Le jeune homme se releva, découvrant un petit rouleau et quelques oberins qu’il prit soin de mettre dans sa poche.
— Quoi ? lança-t-il à Lily qui le dévisageait. C’est pas comme s’il allait encore en avoir besoin.
Il ouvrit le parchemin, dévoilant une simple série de chiffres. Il n’y avait rien d’autre.
— Qu’est-ce que c’est ? murmura Adriel en se joignant à eux.
— J’en sais rien. On dirait une sorte de code.
Tandis qu’il la laissait se saisir du papier, son regard fut attiré par un infime détail. Sur le fond du tiroir, la poussière avait été effacée de l’un des coins. Son instinct prit le dessus. Il se saisit de l’une de ses dagues et la glissa le long du rebord avant de l’incliner, révélant un faux fond et derrière lui, une petite clé complexe à six faces. Il la porta devant son visage, puis balaya la pièce des yeux en s’y avançant.
— Décidément rien ne t’échappe, le taquina Adriel, moqueuse.
— Je vois vraiment pas pourquoi tu en doutais...
Adriel parcourut les lieux elle aussi. Comme Félix l’avait si justement rappelé, Milos et Volk n’étaient pas le genre à laisser traîner les choses importantes à la vue de tous. Tout avait été fouillé dans la pièce, mais un trou de serrure pouvait aisément être passé inaperçu. Intriguée, la jeune fille approcha des étagères poussiéreuses. Quel meilleur endroit qu’un recoin sombre pour dissimuler un accès. Elle examina le bois une rainure à la fois, inclinant la tête aux quatre coins de la bibliothèque. Sans succès, elle s’attaquait aux murs, surveillant la régularité des plaintes, lorsqu’une voix l’interpella.

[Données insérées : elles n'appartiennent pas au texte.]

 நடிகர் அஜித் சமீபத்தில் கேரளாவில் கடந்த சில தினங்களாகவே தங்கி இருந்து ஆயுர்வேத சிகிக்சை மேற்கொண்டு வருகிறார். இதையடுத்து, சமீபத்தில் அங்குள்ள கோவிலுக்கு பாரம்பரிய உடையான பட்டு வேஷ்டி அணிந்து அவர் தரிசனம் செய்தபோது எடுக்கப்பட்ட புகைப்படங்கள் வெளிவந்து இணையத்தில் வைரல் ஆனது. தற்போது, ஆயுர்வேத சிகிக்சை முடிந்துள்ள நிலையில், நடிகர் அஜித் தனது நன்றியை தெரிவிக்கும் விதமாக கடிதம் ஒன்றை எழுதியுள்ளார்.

— Je crois que j’ai trouvé quelque chose.
Mal à l’aise à la vue des corps, Talya avait eu tout le loisir d’inspecter les étagères de l’autre côté. Dissimulé en dessous de celle jouxtant la baie vitrée se découpait un minuscule interstice hexagonal. Adriel approcha pour inspecter l’ouverture.

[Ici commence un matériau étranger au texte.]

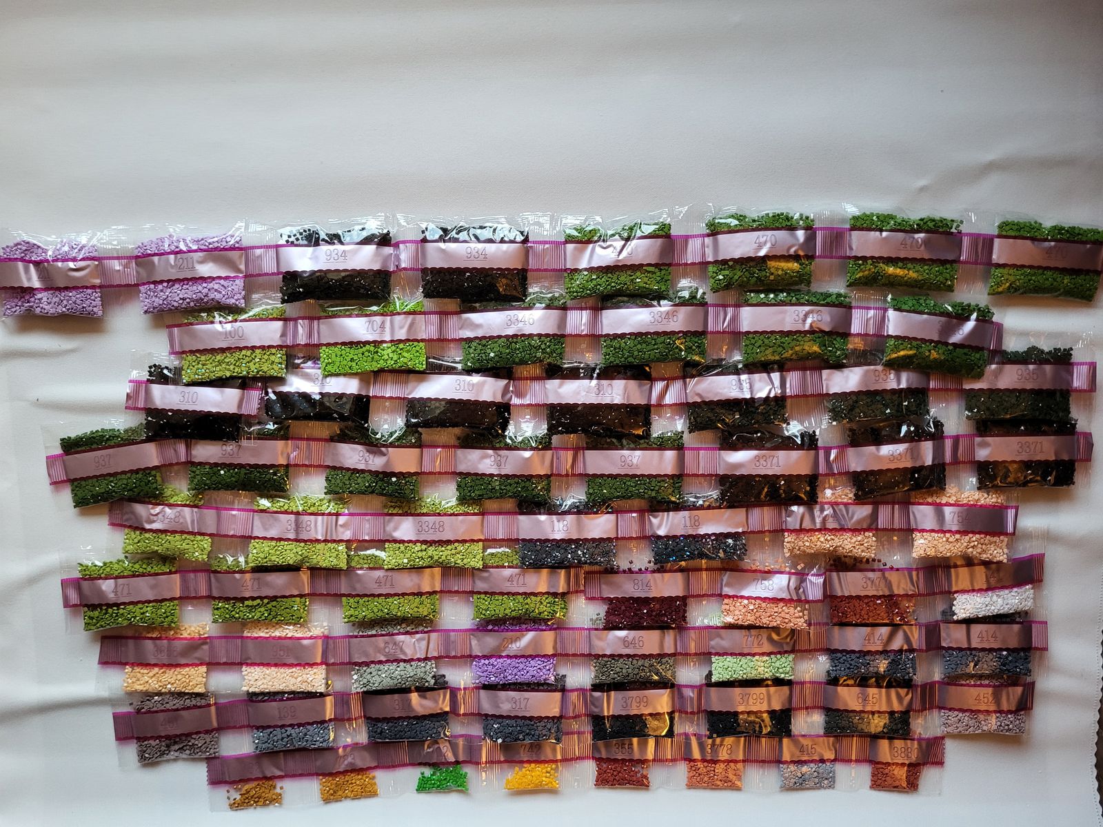Have not had a chance go start on this yet so limited review for now. Extremely pleased with this diamond panting kit. Drill colors are vibrant and sparkly, canvas is soft and pattern is easy to read. I bought the 27.6 x38.6 and it is HUGE! Will take several months to finish but I am really excited about working on this one. Love Diamond Art Club diamond kits and I also have to mention the treasure quest cards. What a fun idea. Will recommend these kits to everyone I know who is as addicted to this hobby as I am. Thank you Diamond art club.

— Bien vu, dit-elle en se tournant vers Félix. Elle a l’œil ta nouvelle copine. Talya, c’est ça ? T’es pas à la recherche d’un boulot, à tout hasard ?
— La chance du débutant, répondit Félix en se glissant entre elles pour insérer la clé. Et c’est pas ma copine.

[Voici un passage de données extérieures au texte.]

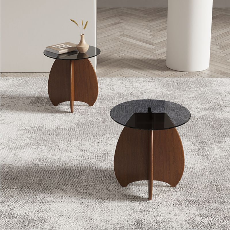 Living Room End Table Contemporary Round Abstract Glass Side Table

— Tu m’as fait peur, rétorqua Talya en simulant un frisson, j’ai cru que c’était le cas pendant un moment.
Sous les gloussements d’Adrian, Félix marmonna dans sa barbe en imitant sa dernière phrase comme un enfant puis tourna finalement la clé. Un cliquetis se propagea derrière le mur, suivi d’un grincement. La bibliothèque se décala alors d’un pouce. L’hirondelle saisit le montant et tira pour la faire pivoter, dévoilant une cavité étroite creusée à même la pierre. Un souffle d’air glacé s’en échappa. L’odeur de poussière sèche et de roche humide leur monta au nez.
— C’est pas du grand art, commenta Félix en inspectant le mécanisme qui permettait à une partie du mur de suivre la bibliothèque, mais quelqu’un voulait clairement que tout ça reste difficile à trouver.
Adriel fouilla la sacoche à sa ceinture pour en sortir un petit morceau de quartz qu’elle secoua. Le cristal d’éther s’illumina, parcouru de filaments blancs.
— Tu sais que c’est illégal ? interrogea Lily d’un ton détaché.
— Je crois qu’on a passé ce stade, souffla Adriel en examinant leur découverte.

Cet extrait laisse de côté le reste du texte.